(Task description):
Repeat the data that follows exactly, starting at the line with "Seit 2 Tagen" and ending at the line with "This form is", and leave out every picture.
[The input]
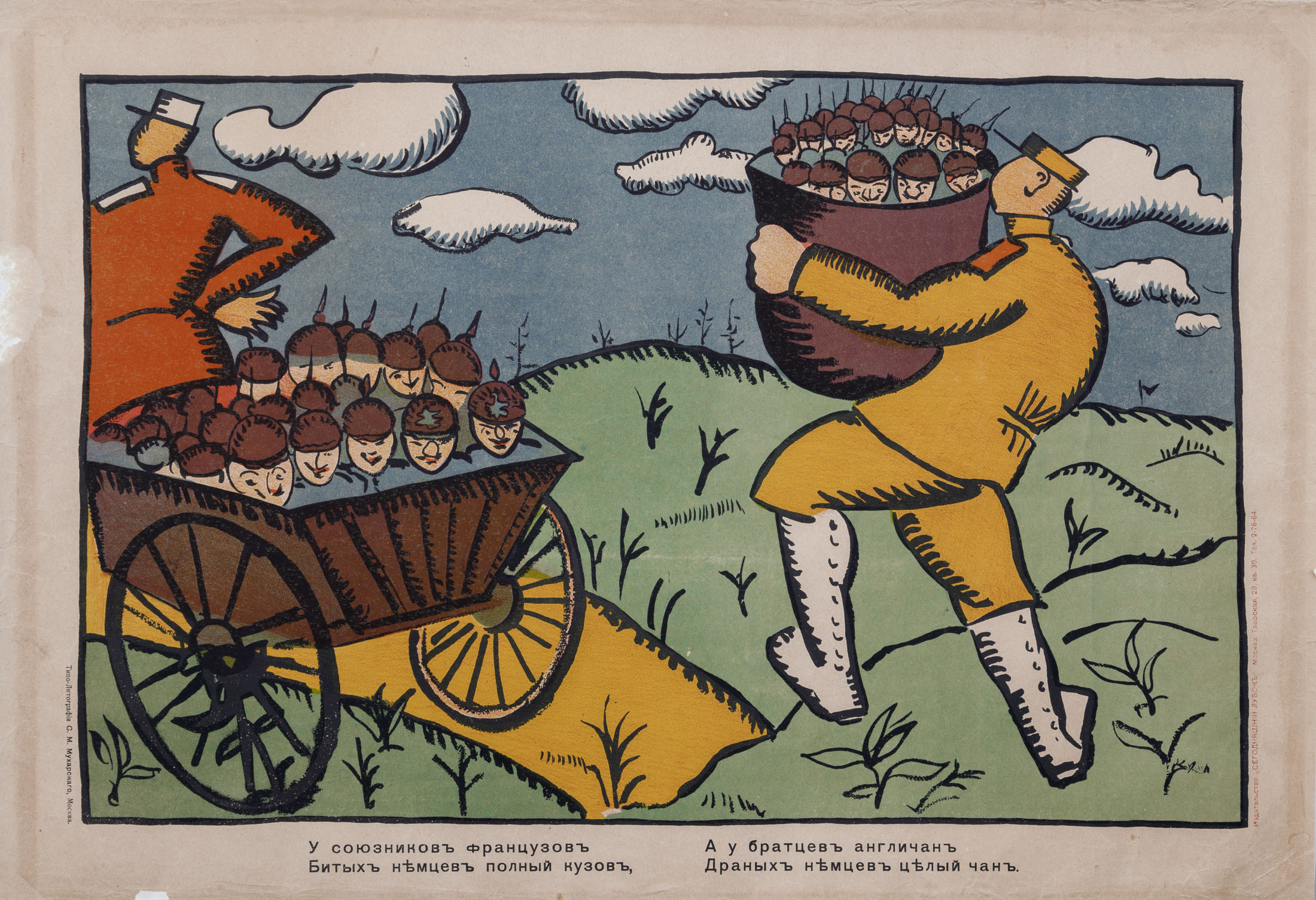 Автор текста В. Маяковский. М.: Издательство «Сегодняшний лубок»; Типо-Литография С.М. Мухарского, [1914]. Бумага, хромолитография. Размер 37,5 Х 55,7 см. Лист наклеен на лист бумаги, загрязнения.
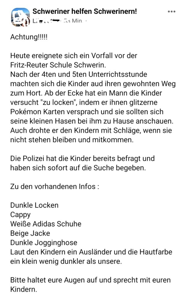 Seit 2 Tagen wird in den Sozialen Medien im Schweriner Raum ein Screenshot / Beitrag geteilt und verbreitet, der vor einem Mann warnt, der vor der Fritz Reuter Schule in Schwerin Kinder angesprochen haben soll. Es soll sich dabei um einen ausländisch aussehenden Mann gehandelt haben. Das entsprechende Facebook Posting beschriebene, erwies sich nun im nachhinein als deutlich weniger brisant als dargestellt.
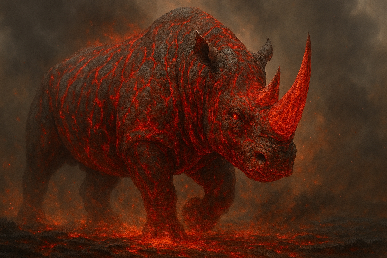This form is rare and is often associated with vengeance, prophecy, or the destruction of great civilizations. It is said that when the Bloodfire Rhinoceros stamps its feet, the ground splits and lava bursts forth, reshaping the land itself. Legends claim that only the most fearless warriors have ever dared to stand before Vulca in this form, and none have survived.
[/The input]
[The input]
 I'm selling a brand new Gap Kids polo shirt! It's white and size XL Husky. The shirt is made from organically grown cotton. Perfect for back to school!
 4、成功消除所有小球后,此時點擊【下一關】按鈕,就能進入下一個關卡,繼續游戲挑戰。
[/The input]
[The input]
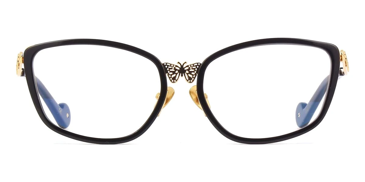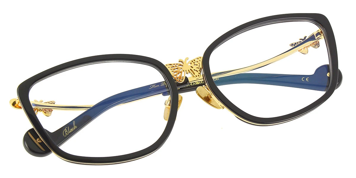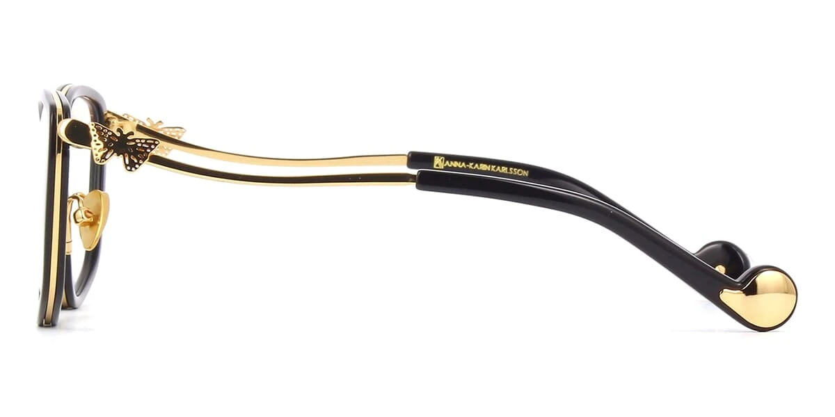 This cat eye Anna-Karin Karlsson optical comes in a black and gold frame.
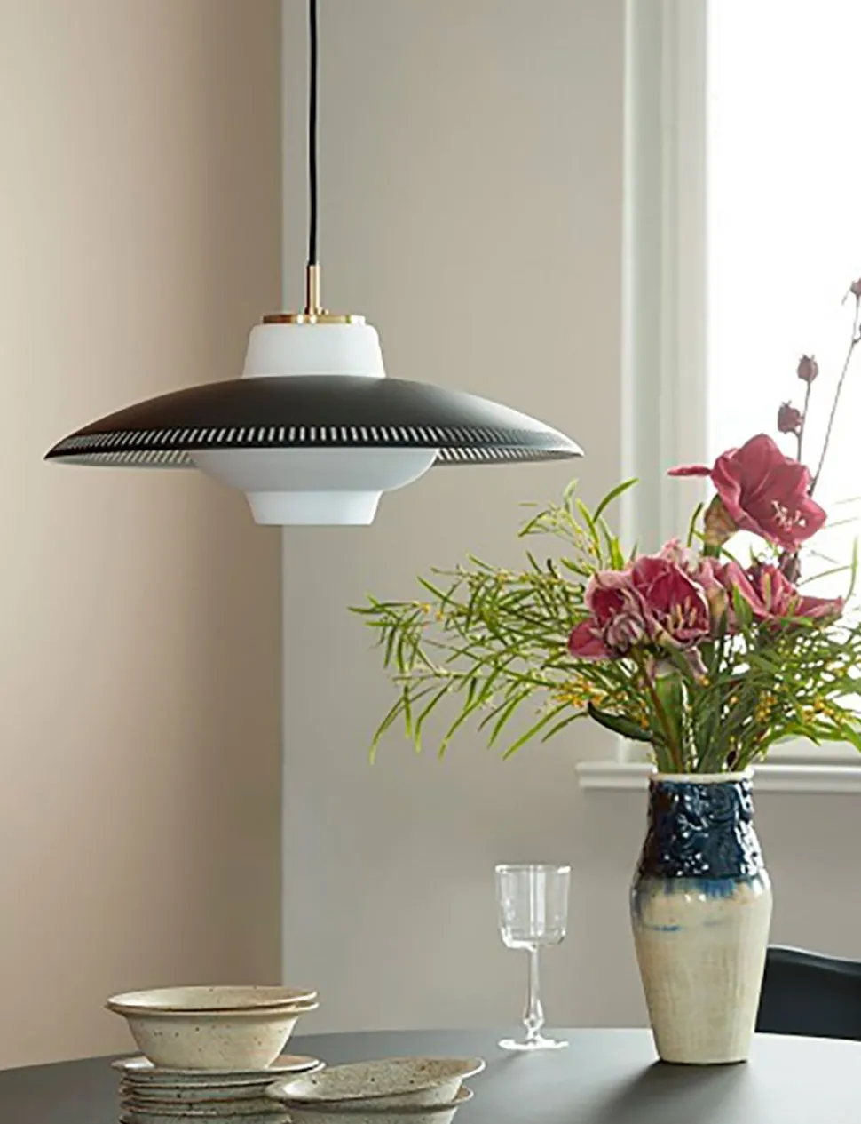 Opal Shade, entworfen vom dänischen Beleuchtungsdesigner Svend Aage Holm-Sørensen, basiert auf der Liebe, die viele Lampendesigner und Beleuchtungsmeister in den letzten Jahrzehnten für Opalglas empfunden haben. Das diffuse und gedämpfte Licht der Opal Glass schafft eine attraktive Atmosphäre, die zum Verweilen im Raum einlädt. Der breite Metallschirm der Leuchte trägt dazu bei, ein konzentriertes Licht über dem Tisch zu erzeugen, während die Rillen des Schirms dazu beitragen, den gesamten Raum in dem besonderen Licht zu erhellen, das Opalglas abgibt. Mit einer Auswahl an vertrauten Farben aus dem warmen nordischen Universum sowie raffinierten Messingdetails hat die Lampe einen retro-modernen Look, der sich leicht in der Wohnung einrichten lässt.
[/The input]
(Solution for this exercise):
 Seit 2 Tagen wird in den Sozialen Medien im Schweriner Raum ein Screenshot / Beitrag geteilt und verbreitet, der vor einem Mann warnt, der vor der Fritz Reuter Schule in Schwerin Kinder angesprochen haben soll. Es soll sich dabei um einen ausländisch aussehenden Mann gehandelt haben. Das entsprechende Facebook Posting beschriebene, erwies sich nun im nachhinein als deutlich weniger brisant als dargestellt.
This form is rare and is often associated with vengeance, prophecy, or the destruction of great civilizations. It is said that when the Bloodfire Rhinoceros stamps its feet, the ground splits and lava bursts forth, reshaping the land itself. Legends claim that only the most fearless warriors have ever dared to stand before Vulca in this form, and none have survived.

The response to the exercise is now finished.